▶ **Exercise instructions**:
What you should repeat is the run of lines from the top of the listing below through the line with "横型のカレンダー 日曜始まり カレンダーデザイン-0117", exactly, with no pictures.

▶ **Dataset section**:
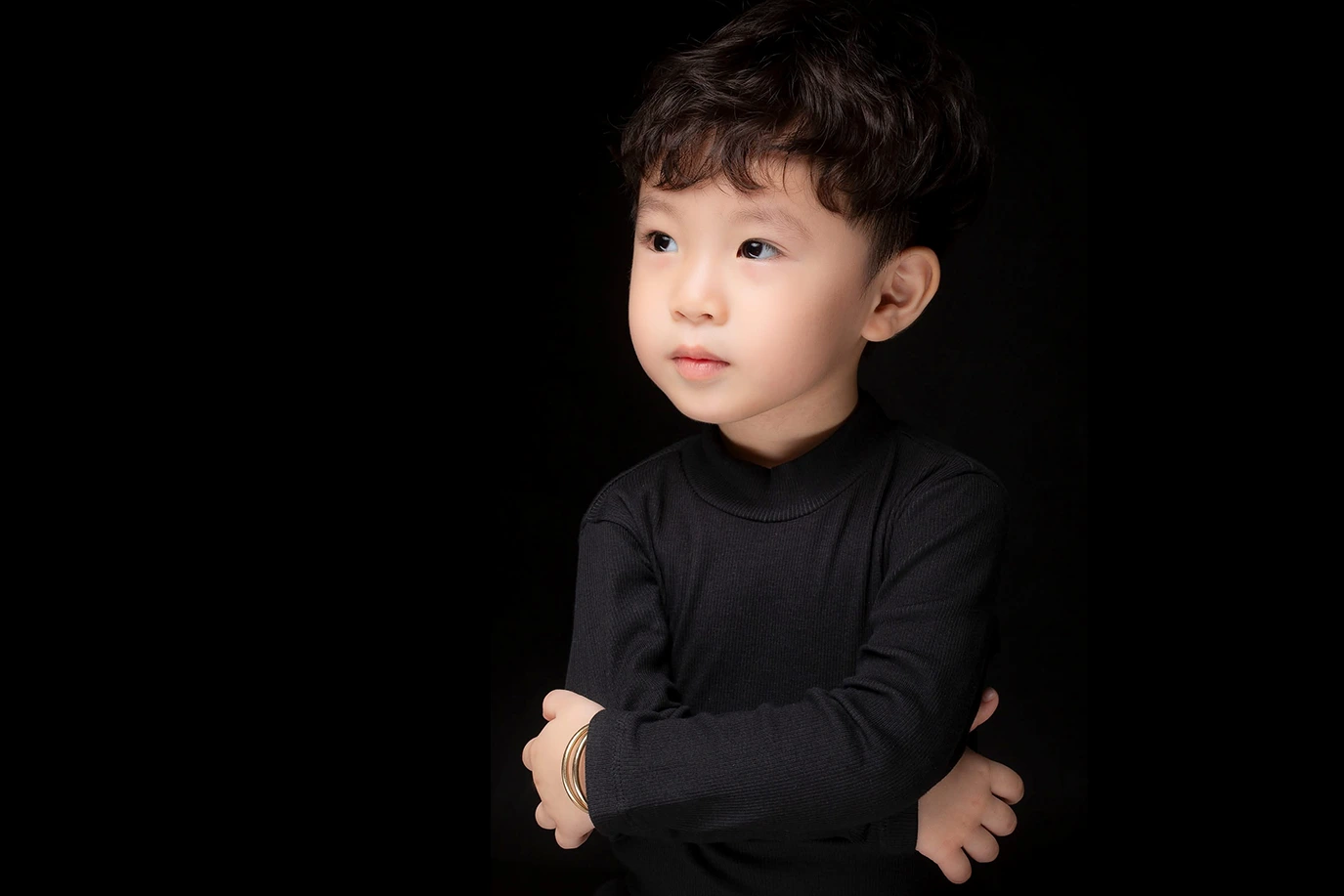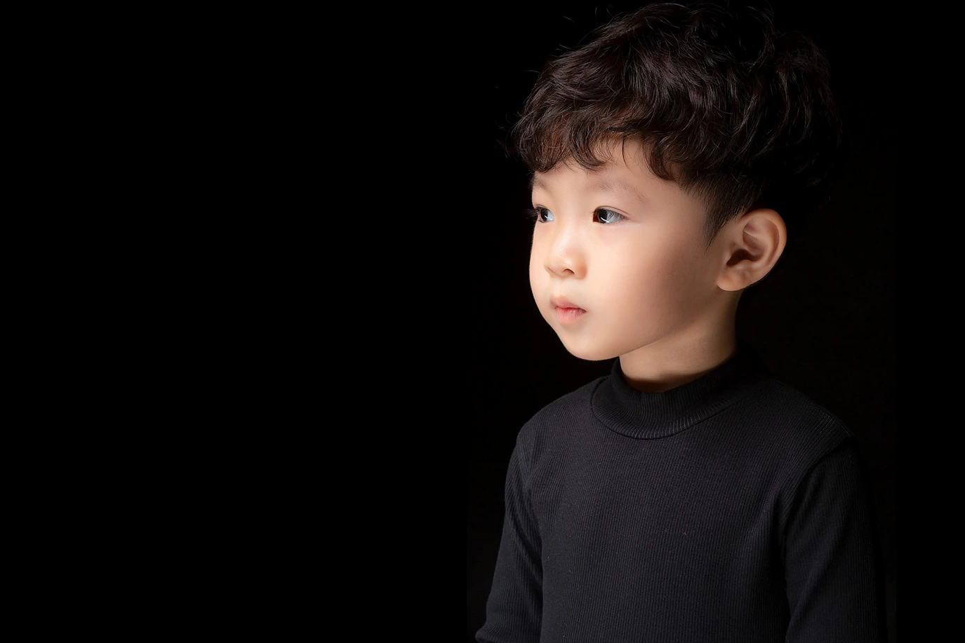 Với nền đen tạo sự tập trung vào bé, từng nụ cười, từng ánh mắt, và từng biểu cảm của Bánh Bao thật sự được ghi lại một cách tuyệt vời. Không gian tĩnh lặng này giúp tôn vinh vẻ đẹp độc đáo của Bánh Bao và lưu giữ những khoảnh khắc quý báu tại tuổi 3.
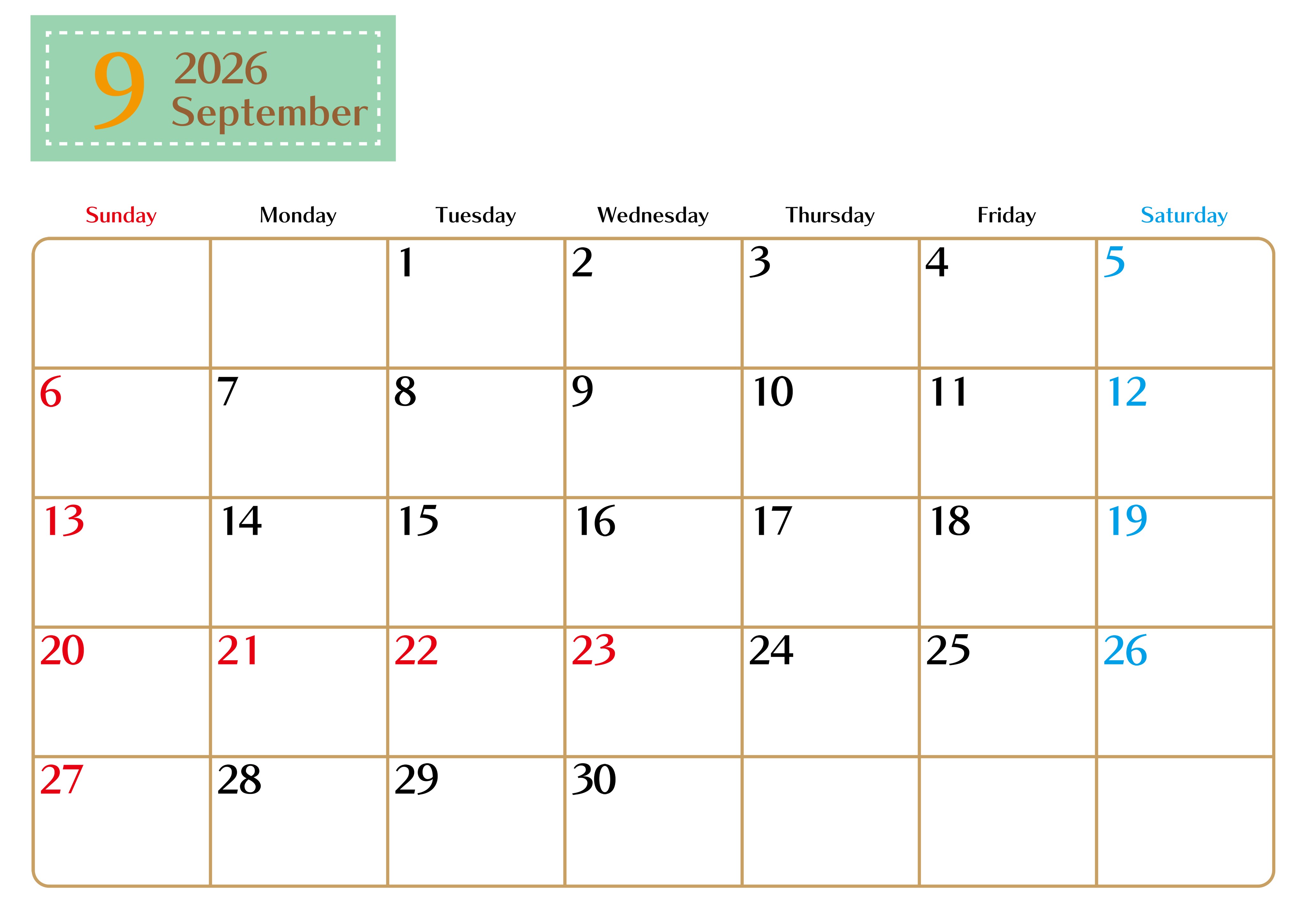 2026年・無料のカレンダーテンプレート 2026年9月横型の日曜始まりカレンダー♪シンプルで書き込みしやすい文字が大きなA4用紙向け(無料)(2026-01170900) 素材状デザイン王 2025年4月8日 2026年9月横型の日曜始まりの書き込みしやすい文字が大きなA4用紙向け(無料)です。予定を見える化するのに向いているのでダウンロードをおすすめ!プランの整理にぴったりです。(2026-01170900) シンプル 9月 横型のカレンダー 日曜始まり カレンダーデザイン-0117
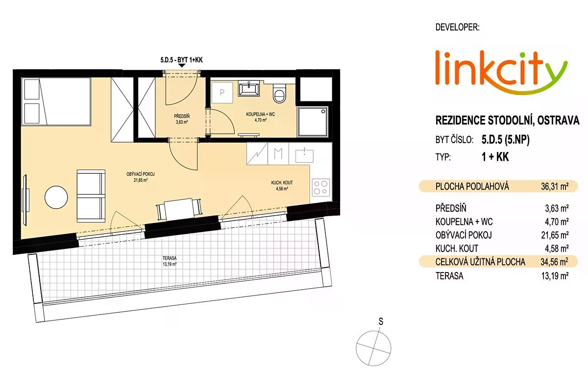 Nabízím postoupení smlouvy na byt v projektu Rezidence Stodolní, který je už téměř vyprodaný. Jedná se o dispozičně praktický byt 1+kk (36,31 m²) s velkou terasou (13,19 m²), umístěný v 5. - nejvyšším - patře. Projekt se staví v samotném centru Ostravy a dokončení je plánováno do konce roku 2027. Hlavní parametry bytu - Bytová jednotka: 5.D.5, 1+kk, 36,31 m² - Velká terasa 13,19 m² - Nejvyšší patro, bez sousedů nad vámi - Příprava na klimatizaci a venkovní žaluzie Projekt Rezidence Stodolní - Architektonicky kvalitní návrh od Bogle Architects - Fotovoltaika na střeše → nižší provozní náklady - Podzemní garáž (120 míst, sklepy, připraveno na elektromobilitu) - Dvě komunitní zahrady pro rezidenty - Lokalita: přímo v centru Ostravy, pěší dostupnost MHD, obchodů i kultury - Moderní standard od renomovaného developera Linkcity Czech Republic a.s. Financování (splátkový kalendář) Kupní cena je rozložena do postupných plateb podle harmonogramu stavby: - 1 470 370 Kč při postoupení smlouvy (preferuji advokátní úschovu) - 1 040 370 Kč po dokončení hrubé stavby (polovina roku ********* Kč po dokončení hrubých podlah a omítek (konec ********* Kč po dokončení vnitřních dveří a rozvodů (2Q ********* Kč při podpisu převodní smlouvy (4Q 2027) Dobrý deal - 1+kk v centru města patří k nejrychleji pronajímatelným bytům - Projekt je téměř vyprodaný, tato jednotka v nejvyšším patře s velkou terasou je výjimečná - Bezpečné financování: platby se dělí postupně podle dokončovacích fází - Developer s historií: Linkcity realizoval úspěšně řadu projektů v Praze a Ostravě V případě zájmu mne kontaktujte pro více informací - rád poskytnu veškeré detaily a dokumentaci.

▶ **Written answer**:
 Với nền đen tạo sự tập trung vào bé, từng nụ cười, từng ánh mắt, và từng biểu cảm của Bánh Bao thật sự được ghi lại một cách tuyệt vời. Không gian tĩnh lặng này giúp tôn vinh vẻ đẹp độc đáo của Bánh Bao và lưu giữ những khoảnh khắc quý báu tại tuổi 3.
 2026年・無料のカレンダーテンプレート 2026年9月横型の日曜始まりカレンダー♪シンプルで書き込みしやすい文字が大きなA4用紙向け(無料)(2026-01170900) 素材状デザイン王 2025年4月8日 2026年9月横型の日曜始まりの書き込みしやすい文字が大きなA4用紙向け(無料)です。予定を見える化するのに向いているのでダウンロードをおすすめ!プランの整理にぴったりです。(2026-01170900) シンプル 9月 横型のカレンダー 日曜始まり カレンダーデザイン-0117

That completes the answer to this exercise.